## Brief
Once the images are removed, set down everything else in the listing below exactly.

## Supplied material
——
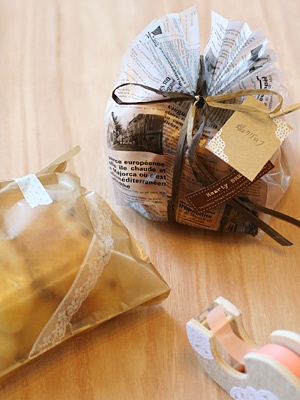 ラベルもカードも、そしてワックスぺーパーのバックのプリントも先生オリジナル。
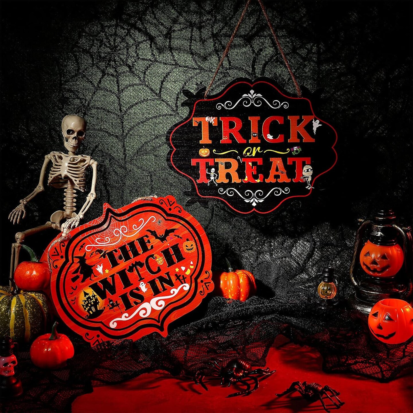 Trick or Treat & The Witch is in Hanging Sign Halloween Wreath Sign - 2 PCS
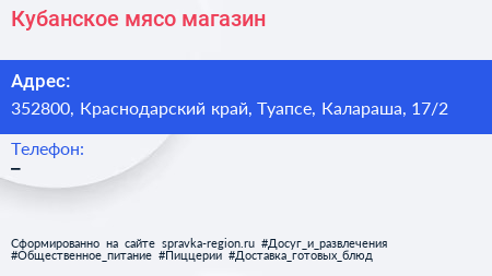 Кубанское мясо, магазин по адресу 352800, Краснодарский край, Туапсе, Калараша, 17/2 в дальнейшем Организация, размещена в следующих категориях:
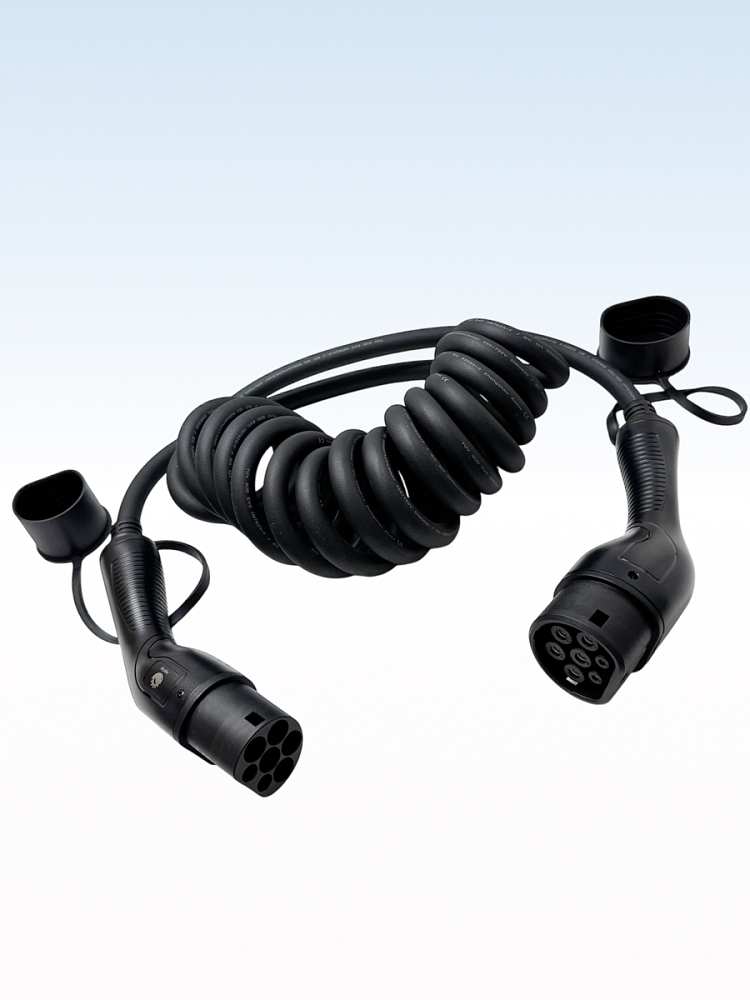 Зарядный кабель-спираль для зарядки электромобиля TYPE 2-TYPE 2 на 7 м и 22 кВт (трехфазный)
——
## Response
 ラベルもカードも、そしてワックスぺーパーのバックのプリントも先生オリジナル。
 Trick or Treat & The Witch is in Hanging Sign Halloween Wreath Sign - 2 PCS
 Кубанское мясо, магазин по адресу 352800, Краснодарский край, Туапсе, Калараша, 17/2 в дальнейшем Организация, размещена в следующих категориях:
 Зарядный кабель-спираль для зарядки электромобиля TYPE 2-TYPE 2 на 7 м и 22 кВт (трехфазный)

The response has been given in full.